THE TASK:
Everything in the listing except the pictures should be written out exactly.
::::
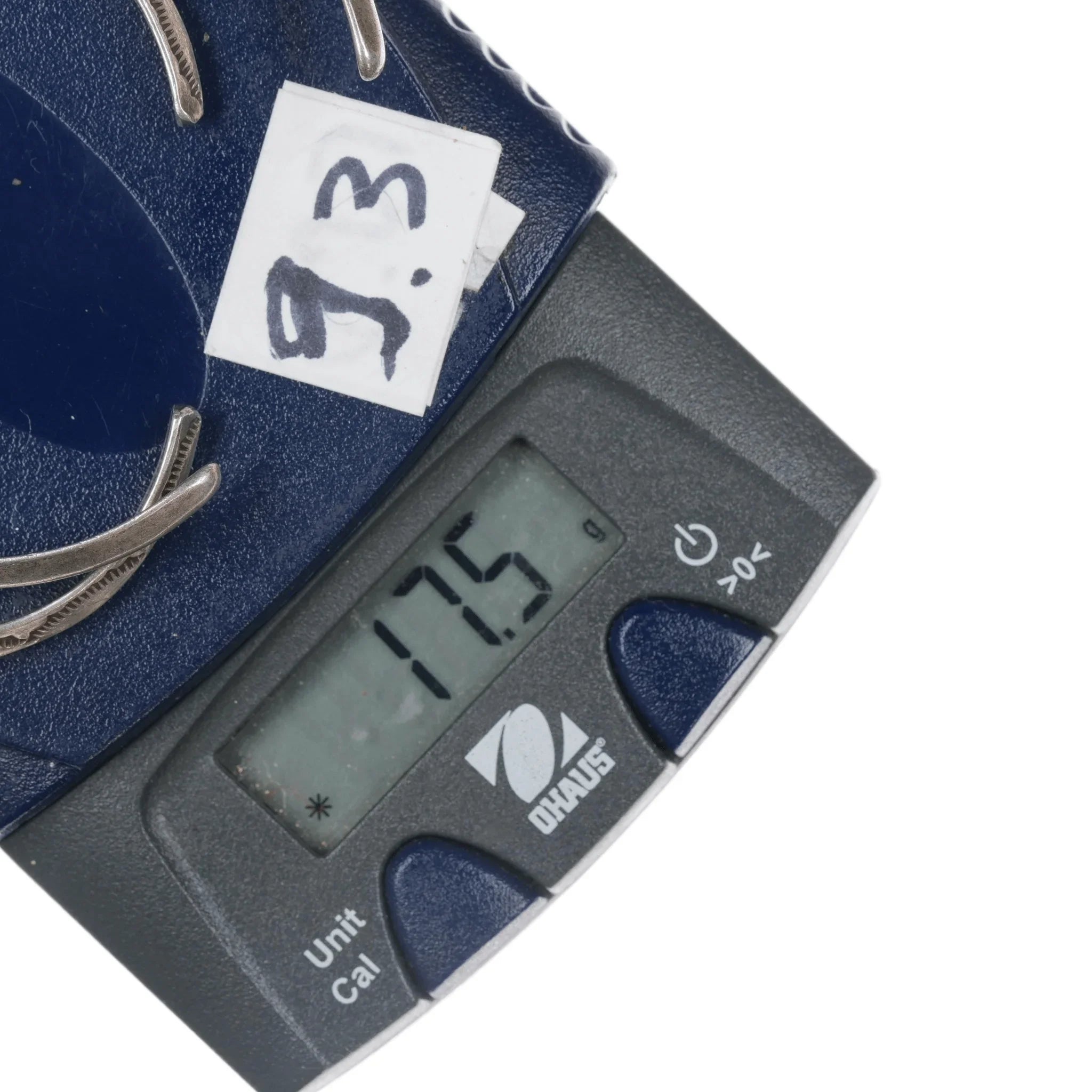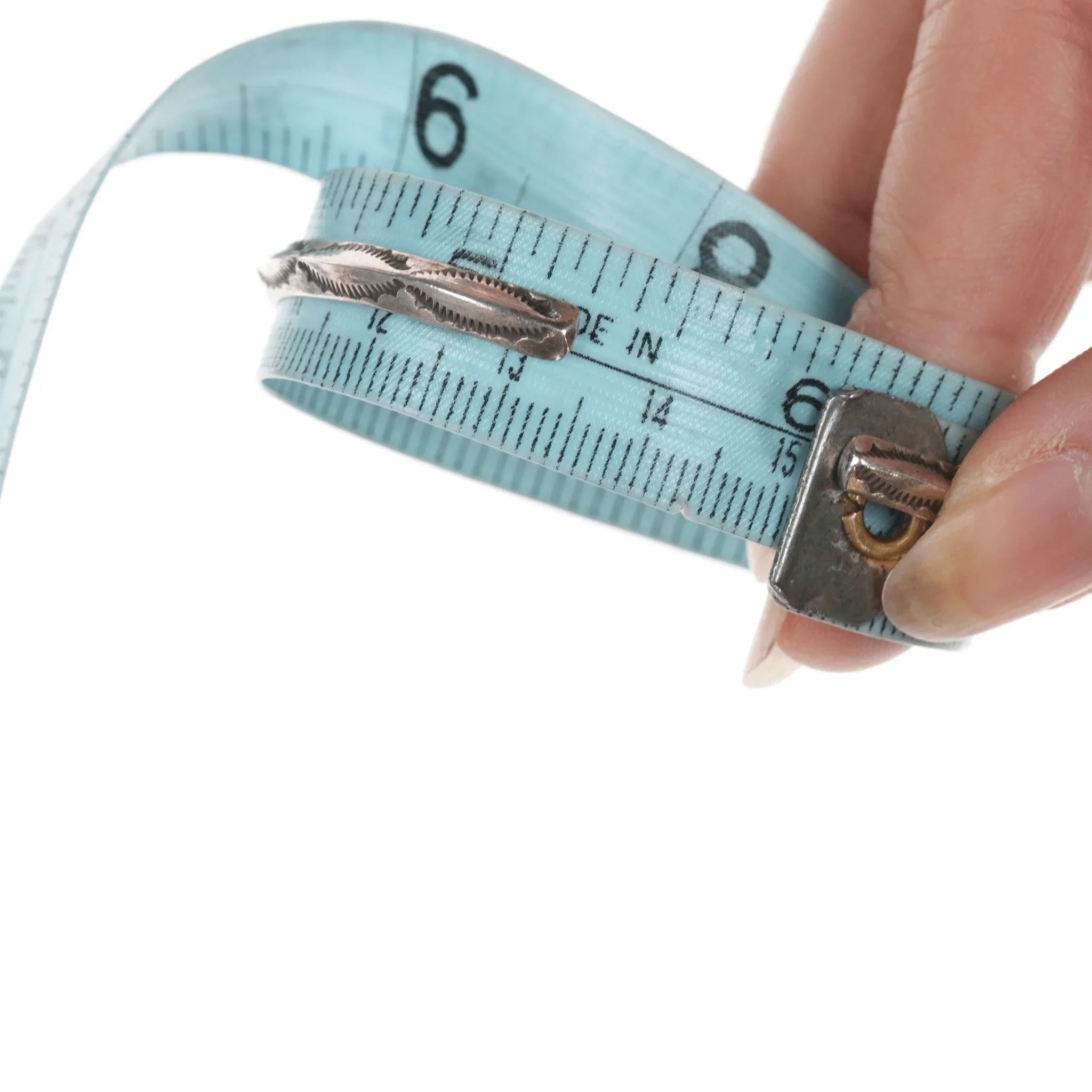 Marked or unmarked as shown in pics, weight and other measurements in pics. Sorry but my jewelry is stored in a secure location and cannot be accessed for more pictures, videos, or measurements until sold. If you look at pictures/description your<br>question should be answered. Thank you so much for your time and consideration! If you would like to chat, that would be great, but lets chat about something that isn't answered in this listing that we put so much effort into already :). All precious metals are tested and guaranteed. A Native American jewelry piece referred to as "silver" or "ingot" is guaranteed to be at least 90% silver. I rarely use the word "sterling" when referring to older Native American silver or really any older silver jewelry as silver contents vary and "sterling" is 92.5% silver. No older jewelry is going to be exactly 92.5% silver, some a little over, some a little under. It wasn't an exact thing with handmade jewelry. I've seen thousands of pieces xrf'd to prove this. Bracelets are photographed on a 6" women's wrist.
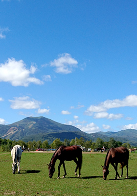 ニセコのシンボル 羊蹄山の麓、ニセコ連峰の山々に囲まれた自然豊かな環境で私共ニセコカントリーファームは日々を送っております。お越し頂く方々に当ファームで過ごすひとときが旅の素敵な想い出の一つとなれる事を願い、皆様のお越しをスタッフ、馬共々心よりお待ちしております。
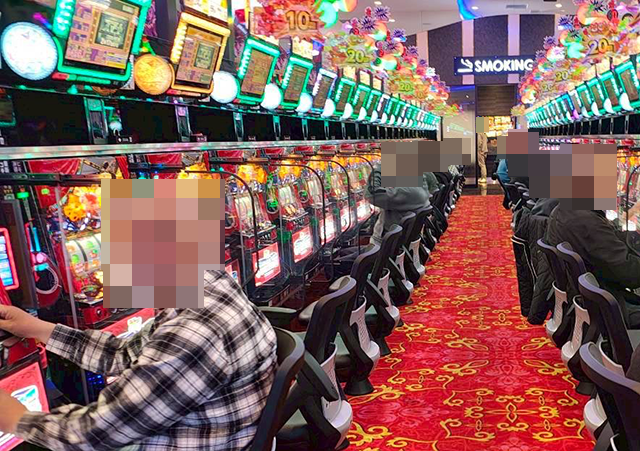 「ネオアイムジャグラーEX」や「ゴーゴージャグラー3」でも、プレイヤーたちは楽しそうな様子。
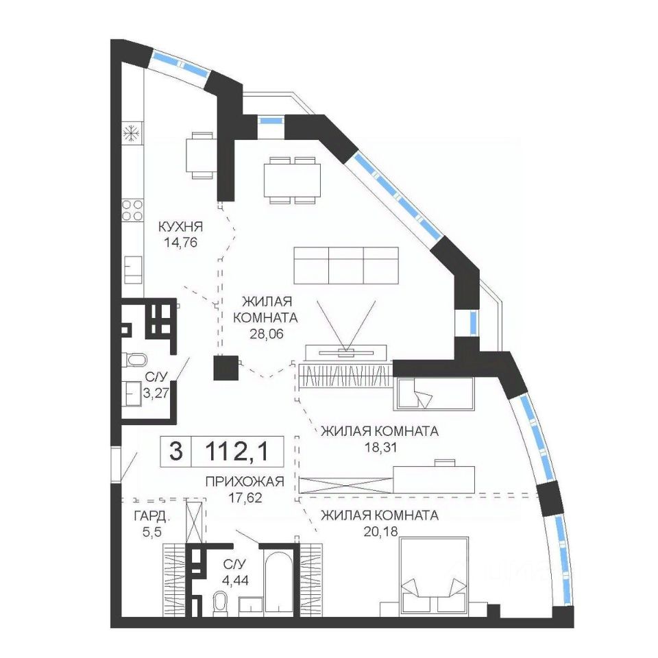 Продаётся 3-комнатная квартира в строящемся доме (Дом 1), срок сдачи: IV-кв. 2025, общей площадью 112.1 кв.м., на 6 этаже. ЖК представляет собой футуристический архитектурный ансамбль, состоящий из двух башен высотой 24 этажа и монументальной стилобатной части, на 5 этажах которой будут располагаться парковочная зона, а также современный торговый центр. Несмотря на слегка дерзкий вид башен, стремительно взмывающих вверх, они прекрасным образом гармонируют с окружающим пространством: солнечные лучи, играющие на зеркальной поверхности фасада, и отражающиеся на ней облака создают фантастический пространственный эффект! Высота наземной части зданий составляет 75 м., общая площадь насчитывает около 40 000 кв. м. - всё это 399 апартаментов свободной планировки, площадью от 97 до 200 кв. м. 192 апартамента.
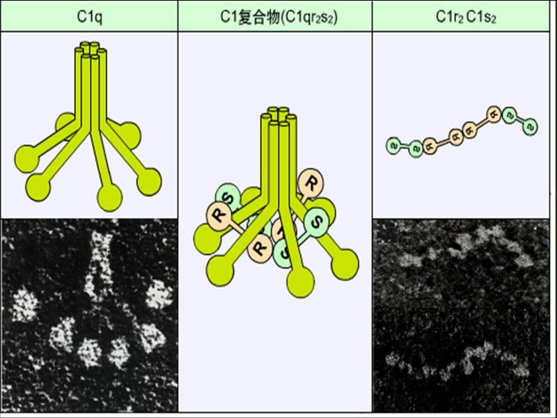 C1q须与2个以上Fc段结合后才发生构型改变,使与C1q非共价结合的两分子C1r相互裂解而活化,活化的C1r激活C1s的丝氨酸蛋白酶活性。
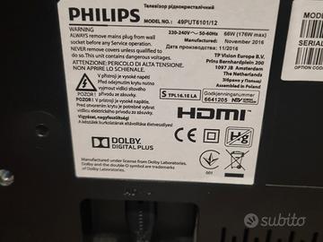 vendo smart tv philips 49 pollici,perfettamente funzionante, unico difetto,manca un pezzo di plastica trasparente sotto il led nella parte inferiore della tv,che non ne compromette il funzionamento.
::::
RESULT BELOW:
 Marked or unmarked as shown in pics, weight and other measurements in pics. Sorry but my jewelry is stored in a secure location and cannot be accessed for more pictures, videos, or measurements until sold. If you look at pictures/description your<br>question should be answered. Thank you so much for your time and consideration! If you would like to chat, that would be great, but lets chat about something that isn't answered in this listing that we put so much effort into already :). All precious metals are tested and guaranteed. A Native American jewelry piece referred to as "silver" or "ingot" is guaranteed to be at least 90% silver. I rarely use the word "sterling" when referring to older Native American silver or really any older silver jewelry as silver contents vary and "sterling" is 92.5% silver. No older jewelry is going to be exactly 92.5% silver, some a little over, some a little under. It wasn't an exact thing with handmade jewelry. I've seen thousands of pieces xrf'd to prove this. Bracelets are photographed on a 6" women's wrist.
 ニセコのシンボル 羊蹄山の麓、ニセコ連峰の山々に囲まれた自然豊かな環境で私共ニセコカントリーファームは日々を送っております。お越し頂く方々に当ファームで過ごすひとときが旅の素敵な想い出の一つとなれる事を願い、皆様のお越しをスタッフ、馬共々心よりお待ちしております。
 「ネオアイムジャグラーEX」や「ゴーゴージャグラー3」でも、プレイヤーたちは楽しそうな様子。
 Продаётся 3-комнатная квартира в строящемся доме (Дом 1), срок сдачи: IV-кв. 2025, общей площадью 112.1 кв.м., на 6 этаже. ЖК представляет собой футуристический архитектурный ансамбль, состоящий из двух башен высотой 24 этажа и монументальной стилобатной части, на 5 этажах которой будут располагаться парковочная зона, а также современный торговый центр. Несмотря на слегка дерзкий вид башен, стремительно взмывающих вверх, они прекрасным образом гармонируют с окружающим пространством: солнечные лучи, играющие на зеркальной поверхности фасада, и отражающиеся на ней облака создают фантастический пространственный эффект! Высота наземной части зданий составляет 75 м., общая площадь насчитывает около 40 000 кв. м. - всё это 399 апартаментов свободной планировки, площадью от 97 до 200 кв. м. 192 апартамента.
 C1q须与2个以上Fc段结合后才发生构型改变,使与C1q非共价结合的两分子C1r相互裂解而活化,活化的C1r激活C1s的丝氨酸蛋白酶活性。
 vendo smart tv philips 49 pollici,perfettamente funzionante, unico difetto,manca un pezzo di plastica trasparente sotto il led nella parte inferiore della tv,che non ne compromette il funzionamento.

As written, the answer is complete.